• _Task instructions_: Set down the data below word for word, and leave the images aside.
########
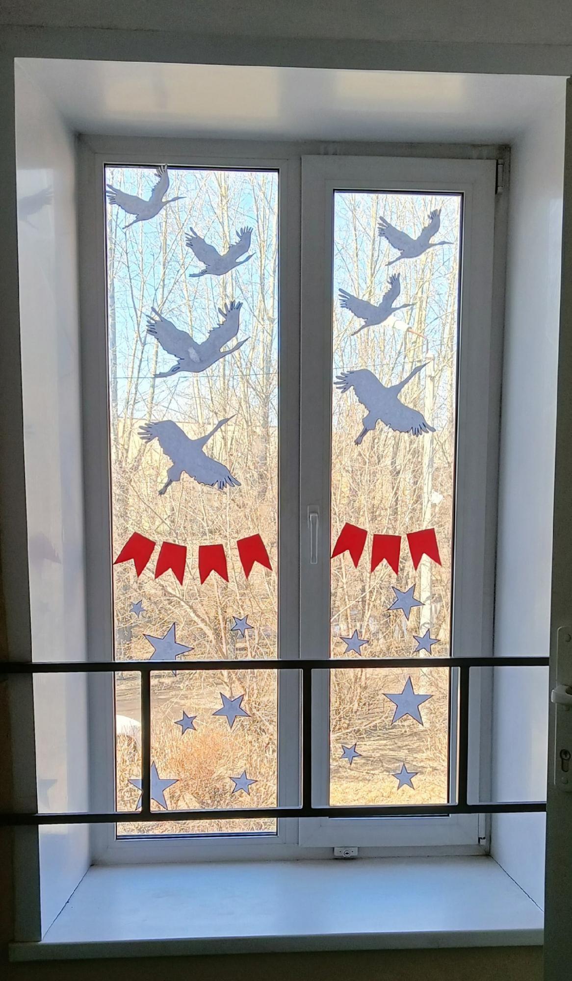 В преддверии праздника Дня Победы в Великой Отечественной войне обучающиеся КрИЖТ ИрГУПС поддержали традицию - приняв участие в акции "Окна Победы". Студенты украсили окна улетающими вдаль журавлями, салютом и флажками, что является символом памяти о погибших в Великой Отечественной войне.
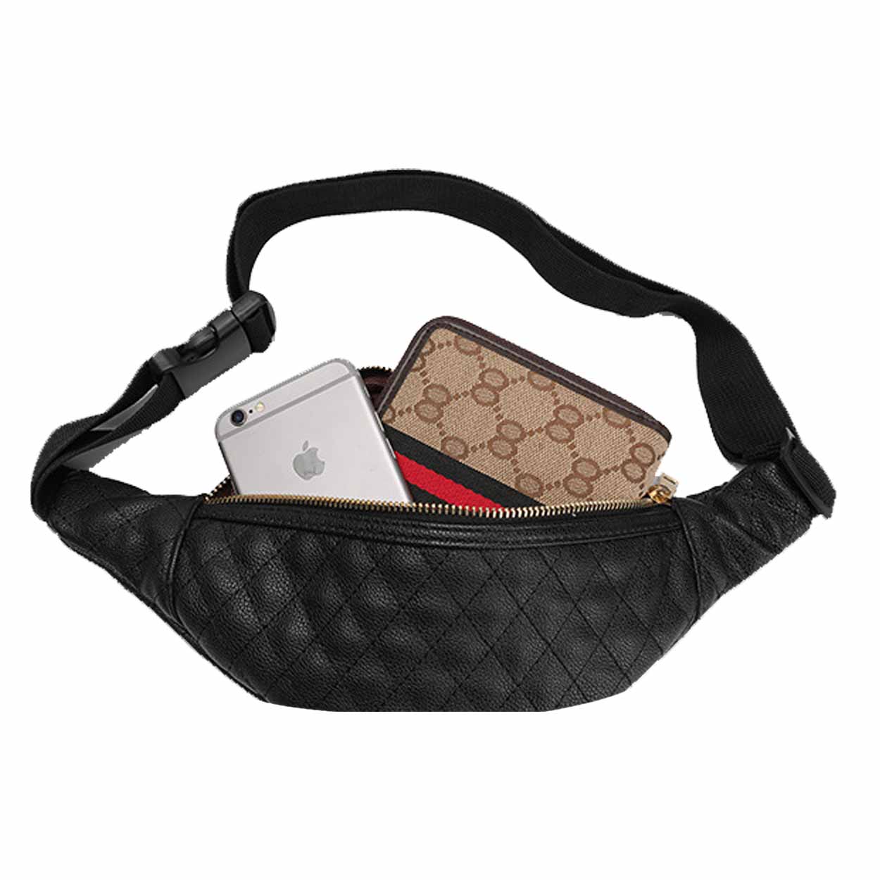 Quiltad midjeväska i skinnimitation som ger smidig förvaring när du vill ha händerna fria. Huvudfacket stängs med dragkedja och rymmer vardagssaker som mobil, nycklar, plånbok, pass och powerbank. Väskan kan bäras runt midjan eller som crossbody för flexibel användning beroende på aktivitet och klädsel. Det kompakta formatet gör den lätt att ta med utan att kännas klumpig, samtidigt som du får ordning på det viktigaste nära kroppen.
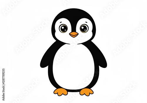 © Nguyen, Fototapeta premium Adorable cartoon penguin cheerfully poses against white background. AI Generated
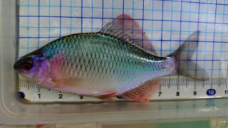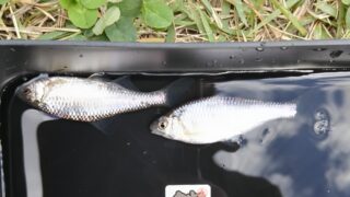 1.ハンドルネーム: tomtom 様 2.釣行日時: 2025年10月28日 3.場所(県/釣り場名): 埼玉県/荒川水系 4.写真3枚添付 5.使用エサ: 黄身練り 6.使用タックル: 竿:1.5m自作カーボン竿、 ウキ:自作ウキ、 ハリ:新半月針 7.当日のご感想: シーズン終盤のためかカネヒラのサイズが小さくなってきました
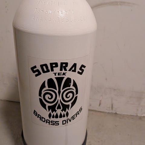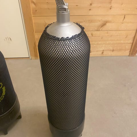 Dykkerflaske i stål fra 1999. Ikke brukt siden 2000 så den må kontrolleres og renses ved behov. Den har uansett stått med trykk på hele tiden og har fortsatt overtrykk. Usikker på spesifikasjonen så spør hvis det er noe man lurer på. Det følger med et litt slitt bærenett.
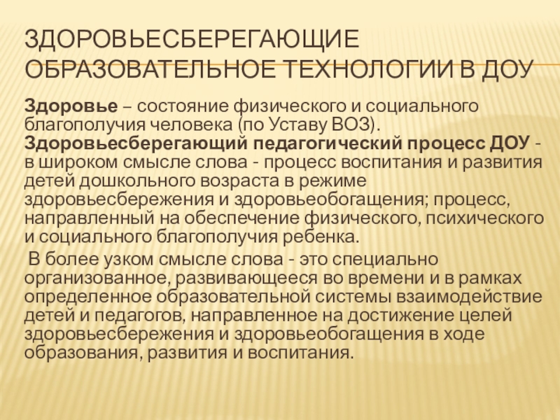 человека (по Уставу ВОЗ). Здоровьесберегающий педагогический процесс ДОУ - в широком смысле слова - процесс воспитания и развития детей дошкольного возраста в режиме здоровьесбережения и здоровьеобогащения; процесс, направленный на обеспечение физического, психического и социального благополучия ребенка.
########
• _Answer section_:
 В преддверии праздника Дня Победы в Великой Отечественной войне обучающиеся КрИЖТ ИрГУПС поддержали традицию - приняв участие в акции "Окна Победы". Студенты украсили окна улетающими вдаль журавлями, салютом и флажками, что является символом памяти о погибших в Великой Отечественной войне.
 Quiltad midjeväska i skinnimitation som ger smidig förvaring när du vill ha händerna fria. Huvudfacket stängs med dragkedja och rymmer vardagssaker som mobil, nycklar, plånbok, pass och powerbank. Väskan kan bäras runt midjan eller som crossbody för flexibel användning beroende på aktivitet och klädsel. Det kompakta formatet gör den lätt att ta med utan att kännas klumpig, samtidigt som du får ordning på det viktigaste nära kroppen.
 © Nguyen, Fototapeta premium Adorable cartoon penguin cheerfully poses against white background. AI Generated
 1.ハンドルネーム: tomtom 様 2.釣行日時: 2025年10月28日 3.場所(県/釣り場名): 埼玉県/荒川水系 4.写真3枚添付 5.使用エサ: 黄身練り 6.使用タックル: 竿:1.5m自作カーボン竿、 ウキ:自作ウキ、 ハリ:新半月針 7.当日のご感想: シーズン終盤のためかカネヒラのサイズが小さくなってきました
 Dykkerflaske i stål fra 1999. Ikke brukt siden 2000 så den må kontrolleres og renses ved behov. Den har uansett stått med trykk på hele tiden og har fortsatt overtrykk. Usikker på spesifikasjonen så spør hvis det er noe man lurer på. Det følger med et litt slitt bærenett.
 человека (по Уставу ВОЗ). Здоровьесберегающий педагогический процесс ДОУ - в широком смысле слова - процесс воспитания и развития детей дошкольного возраста в режиме здоровьесбережения и здоровьеобогащения; процесс, направленный на обеспечение физического, психического и социального благополучия ребенка.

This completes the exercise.